Table 4. Low-redundancy versions of the equal and realistic datasets.

Data set DNA-binding non-DNA-binding Total
Equal dataset 17,327 26,443 43,770
Realistic dataset 17,327 125,792 143,119

Methods

Just like the natural language in the real world, letters working together in different combinations construct words, words combining with each other in different ways form phrases. Processing words in a document can convey the topic of the document and its meaningful content. In this work, a protein sequence is analogous to a document, amino acid to word, and motif to phrase. Mining relationships among them would yield higher level information on the behavioral properties of the physical entities corresponding to the sequences.

Deep learning model structure

The proposed deep learning model consists of four layered components: an encoding layer, an embedding layer, a CNN layer and a LSTM layer, shown in Fig 1. The encoding layer maps a sequence to a fixed length digital vector. The embedding layer translates it into a continuous vector. Similar to the word2vec model, transforming into this continuous space allows us to use continuous metric notions of similarity to evaluate the semantic quality of individual amino acid. The CNN layer consists of two convolutional layers, each followed by a max pooling operation. The CNN can enforce a local connectivity pattern between neurons of layers to exploit spatially local structures. Specifically, the CNN layer is used to capture non-linear features of protein sequences, e.g. motifs, and enhances high-level associations with DNA binding functions. The Long Short-Term Memory (LSTM) networks capable of learning order dependence in sequence prediction problems are used to learn long-term dependencies between motifs.

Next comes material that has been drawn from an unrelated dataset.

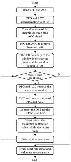 The traditional PPG heart rate extraction algorithm based on Discrete Fourier Transform (DFT) primarily consists of three components: baseline drift removal, discrete Fourier transform and motion artifact elimination. The algorithm architecture is depicted in Figure 3. At present, optical heart rate sensors are predominantly worn in the following positions: the ear, arm, wrist and finger [20,21]. Earlobe-based PPG sensors are less susceptible to motion artifacts than wrist-based sensors and provide a more accurate measurement of PPG signals. However, they may not be as convenient to wear and may require a tighter fit to the ear to reduce the effects of motion. The arm presents a good location for PPG measurement, due to its good blood perfusion and relative insensitivity to motion. Yet, it may be more challenging to access and may not offer the most precise measurement of PPG signals. The fingertip is a good location for PPG measurement because it has good blood perfusion and is relatively insensitive to motion. However, the fingertip may be more sensitive to changes in temperature and may not provide the most accurate measurement of PPG signals. Wrist-worn PPG sensors, despite being convenient and accessible, may not provide the most accurate measurement of PPG signals, as the wrist is more susceptible to motion artifacts. The measurement location or placement of an accelerometer is crucial for obtaining accurate and reliable data [22]. Depending on the application, accelerometers can be placed on various body parts. In summary, for the purpose of developing smart sports bracelets, the wrist was selected as the measurement site for this study’s algorithm.

Fig 1. Architecture of the deep learning model.

Fig 1

A given protein sequence S, after four layer processing, an affinity score f(s) to be a DNA-binding protein is calculated by the Eq 1.

f(s)=LSTM(CNN(Embedding(encoding(s))) (1)

After that, a sigmoid activation is applied to predict the function label of a protein sequence and an binary cross-entropy is applied to assess the quality of networks. The whole process is trained in the back propagation fashion. Fig 1 shows the details of the model. To illustrate how the proposed method works, an example sequence S = MSFMVPT is used to show products after each processing.

Protein sequence encoding

Feature encoding is a tedious but critical work for building a statistical machine learning model in most of protein sequence classification tasks. Various approaches, such as homology-based methods, n-gram methods, and physiochemical properties based extraction methods, etc, have been proposed. Although those methods work well in most scenarios, human intensive involvement lead to less useful practically. One of the most success in the emerging deep learning technology is its capability in learning features automatically. In order to verify its generality, we just assign each amino acid a nature number, see Table 5. It should be noted that the orders of amino acids have no effects on the final performance.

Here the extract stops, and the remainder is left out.